# My Chili Fatty for the October Fatty TD



## silverwolf636 (Nov 9, 2010)




----------



## miamirick (Nov 9, 2010)

damn, that sixth picture is the cats meow,  should have sent that one in!


----------



## bmudd14474 (Nov 9, 2010)

Looks great Ray


----------



## rp ribking (Nov 9, 2010)

Ray, Yea that  looks Grrreat!  I like that Siracha Hot sauce, a little goes a long way.


----------



## smokingohiobutcher (Nov 9, 2010)

Man Ray!  That looks awesome!  Now I'm really hungry!

SOB


----------



## squirrel (Nov 9, 2010)

OMG Ray! I thought you had this one in the bag there for a while, close race to the finish. Your's sure does look good with all that cheese. Great job sir!


----------



## silverwolf636 (Nov 9, 2010)

rp RibKing said:


> Ray, Yea that  looks Grrreat!  I like that Siracha Hot sauce, a little goes a long way.




LOL. Yea, I learned that the hard way with smoked wings. WOW!!!


----------



## rugsrme (Nov 9, 2010)

I was talking to my brother-in-law about trying to make a chili fattie, now that I see it can be done, it's on my list for my next batch of fatties!

That looks sooo good!


----------



## bpopovitz (Nov 9, 2010)

miamirick said:


> damn, that sixth picture is the cats meow,  should have sent that one in!




 WOWSERS.  That's all I have to say


----------



## scarbelly (Nov 9, 2010)

Great job Ray. I am going to have to try this one for sure


----------



## meateater (Nov 9, 2010)

That chili fattie is awesone Ray.


----------



## raptor700 (Nov 9, 2010)

Chili Fattie.....Hmmmmm, I never would have thunk it! Very Nice Job


----------



## richoso1 (Nov 9, 2010)

Say Wolf, that looks just fantastic. You'd be a food hero in my hood. It's all good my friend.


----------



## northern greenhorn (Nov 9, 2010)

Um, I'll take some of that... great looking fatty, excuse me while I go get a napkin to wipe my mouth


----------



## chefrob (Nov 9, 2010)

a gotta agree with rick..........i see this on a bed of rice or noodles this winter for alot of folks.


----------



## mballi3011 (Nov 10, 2010)

Now that fattie looks awesome there Ray. It looks alot better in theses pictures then it did in the contest photos. I bet it was really yummO too. Then I am making a new fattie for the son's return from Germany in december. If it makes it that long that is.


----------



## silverwolf636 (Nov 10, 2010)

Thanx gang for all the GREAT replies. My 14 yr old did say it was the best tasting fatty yet.
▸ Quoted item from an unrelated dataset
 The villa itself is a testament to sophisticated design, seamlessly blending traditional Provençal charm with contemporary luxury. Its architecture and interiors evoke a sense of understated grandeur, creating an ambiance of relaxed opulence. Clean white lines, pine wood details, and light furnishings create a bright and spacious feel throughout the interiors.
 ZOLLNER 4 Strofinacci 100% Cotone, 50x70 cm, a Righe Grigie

The hardest thing while making this was to produce a great tasting chili that was super thick and wouldn't run out of the fatty when cut.  It worked. It was great eating it with hot sauce, lettuce, sour cream and nachos.

Thanx again gang.

--ray--


----------



## shooter1 (Nov 10, 2010)

Looks great Ray I would definitely hit a piece of that fatty. I was curious how you got the chili to stay in the fatty once you sliced it. Great job!


----------



## silverwolf636 (Nov 10, 2010)

Shooter1 said:


> Looks great Ray I would definitely hit a piece of that fatty. I was curious how you got the chili to stay in the fatty once you sliced it. Great job!
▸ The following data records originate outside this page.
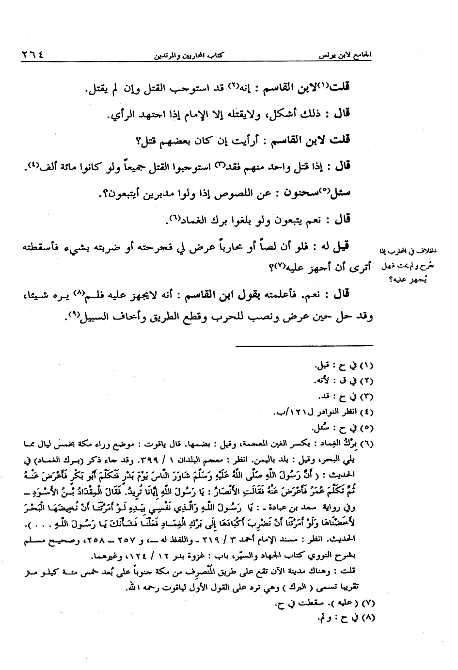 قال: نعم. فأعلمته بفول ابن القاسم: أنه لا يجهز عليه فلم يره شيئاً، وقد حل حين عرض ونصب للحرب وقطع الطريق وأخاف السبيل.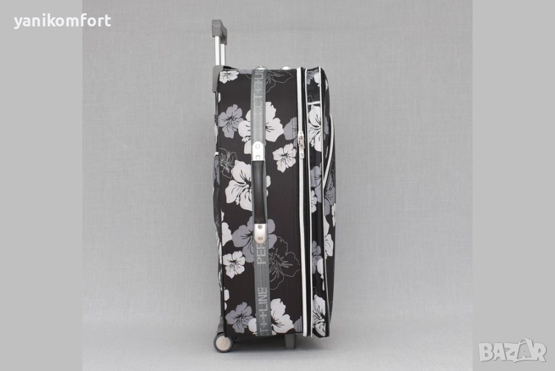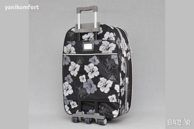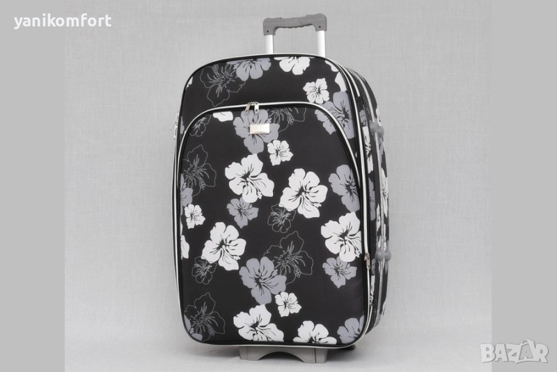 куфар от текстил модел 1518, цветен и красив с разширение. Куфарът се заключва с шифър. Има телескопична, регулираща дръжка на 2 степени и 3 колела. С две дръжки за вертикално и хоризонтално носене, 4 крачета за поставяне в хоризонтално положение. Куфарът има голям лицев джоб, на гърба има джоб с цип и място за поставяне на име и адрес. Вътре е с отделение за багаж с ластични презрамки, джоб за аксесоари и малък джоб с цип. Размери: 28" - 77 х 51 х 29 см 3,35 кг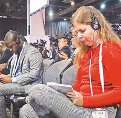 金磚國家工商論壇現(xiàn)場,記者正在認真記錄。本報記者 謝亞宏攝
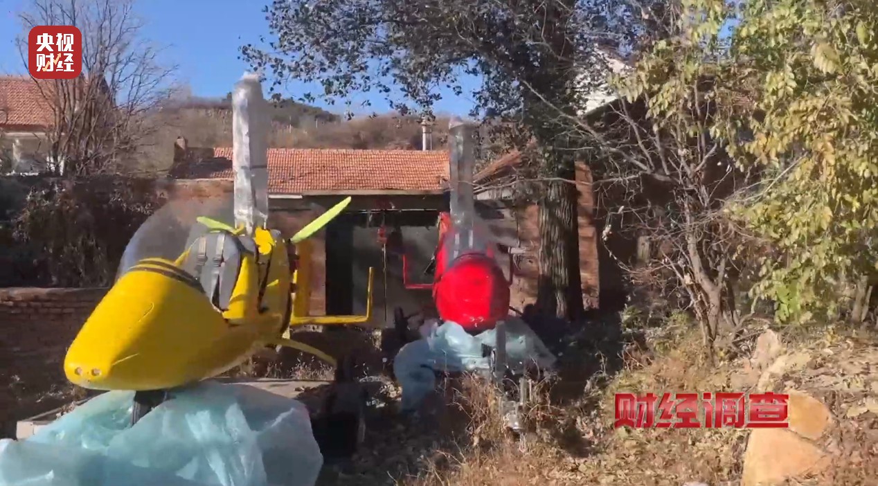 记者来到河北承德,见到了卖家大海。大海做好两架全新旋翼飞机停在附近空地,称可随时提走,也能按需制作。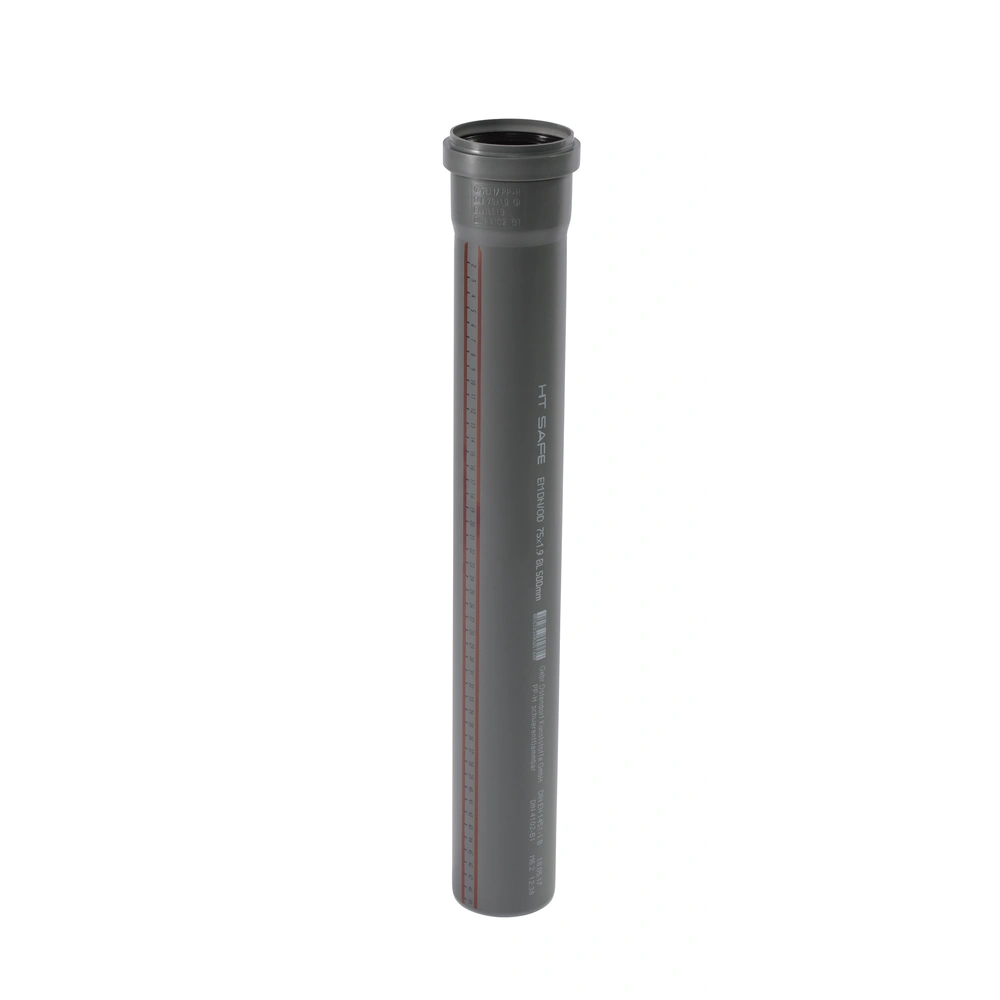 HTsafe-Rohr aus schwer entflammbarem PP-H nach DIN 4102 (B1) mit einseitiger Steckmuffe und 3-fach-Dichtlippe. Eignet für die Abwasserleitung innerhalb von Gebäuden nach DIN EN 1451. Das Rohr ist für heiße, kalte und aggressive Abwässer sowie für Zentralstaubsaugeranlagen geeignet.

It was a REAL pain trying to make a GOOD super thick chili.  A very good lesson I learned a while back was to make things ahead of time to let the ingredients mix well. So, the last 2.5 weeks I've been makin -A LOT- of chili. I will say that I had the camera turned on for a quick pic if it started to slide out. LOL

--ray--


----------



## vic81 (Nov 10, 2010)

WOW - that thing looks awesome.  I'll have to give that a try!  Thanks for sharing


----------



## cowgirl (Nov 10, 2010)

Good job on the weave!


----------



## beer-b-q (Nov 10, 2010)

miamirick said:


> damn, that sixth picture is the cats meow,  should have sent that one in!


I agree with Rick on that 6th Pic... That was the one that would have kept you out in front...


----------



## bbally (Nov 10, 2010)

Ray this is an excellent product, I see it as a sandwich at some point.


----------



## rdknb (Nov 11, 2010)

wow that looks great and I agree on the picture


----------



## sqwib (Nov 12, 2010)

Too many fatties, not enough time.

If I tried making all the wonderful fatties posted here, I would be a very old man before I finished half of them, hey...do you think they will let me take my smoker to the nursing home with me.

Great Job, added to my list.


----------



## Bearcarver (Nov 12, 2010)

Nice Fatty!!!

You still got it Ray!

Bear


----------